Lesson 7 - Official topic

marii · April 29, 2020, 3:46am

Why normalize by subtracting the mean and dividing by the standard deviation? What about something like dividing by the maximum value, so that it ranged from 0 to 1?

jona · April 29, 2020, 3:46am

Is there any downside to "Normalize"ing continuous variable’s that have trends, not averages? (e.g. saleElapsed?)

jcatanza · April 29, 2020, 3:46am

Thanks @FraPochetti That is an excellent explanation!

sgugger · April 29, 2020, 3:47am

Models really like inputs that have a mean 0 and a std of 1.

ilovescience · April 29, 2020, 3:47am

I think there was a short discussion in last year’s course. I don’t remember of the top of my head what that heuristic was, but maybe check that lesson?

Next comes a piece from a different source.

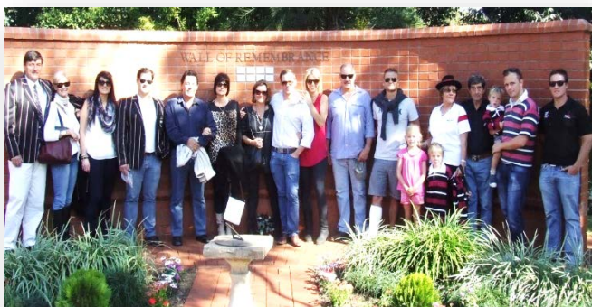
Family and friends of the men who made up the eight inaugural plaques, Reunion Day 2013

The deadline for the next order of plaques is 1 October 2018. They will be unveiled on Remembrance Day 2018, which will take place at College on Friday, 9 November – friends and family are of course encouraged to attend, and to say a few words. Thank you for supporting this most worthwhile and worthy initiative.

muellerzr · April 29, 2020, 3:48am

IIRC a gentleman out of South Africa (I need to find the paper) for his thesis explored the fastai tabular model. He found that 3 layers were ideal. I don’t quite recall the sizes, let me try to find it

harish3110 · April 29, 2020, 3:48am

If decision trees and random forests at the core are basically if-else statements then what’s the reason we normalize the data at the start? I don’t understand why this might help as this isn’t a distance based model like linear regression etc…

FraPochetti · April 29, 2020, 3:50am

Yes. It worked for me in the past.

Don’t think so. Weight decay is actually better as you keep the inner complexity of the model, due to all its non-linearities and let the learning process figure it out for you.

FraPochetti · April 29, 2020, 3:51am

It does not help at all for Random Forest.
Tree Ensembles are scale invariant.

It does help in case you are training a NN, in terms of learning stability.

jcatanza · April 29, 2020, 3:51am

You are correct. Standardizing the data (i.e. centering to zero the mean and re-scaling to get unit variance) is not necessary for tree-based models.

The reason is that decisions (splits) are based on inequalities, which compare relative feature values and are agnostic to scale and mean.

muellerzr · April 29, 2020, 3:53am

Found it: Deep learning for tabular data: an exploratory study by Jan-Andre Marais. Published in 2019. He went into great detail trying out various hyperparameters and techniques with the fastai model

Fair warning it’s a hefty read (144 pages!). The bits we care about are from pages 62 to 85. Everything from attention to self normalization to unsupervised pretraining were attempted or discussed

harish3110 · April 29, 2020, 3:54am

What are the other fancy methods one can use to ensemble a rf model and a nn tabular model other than averaging the results?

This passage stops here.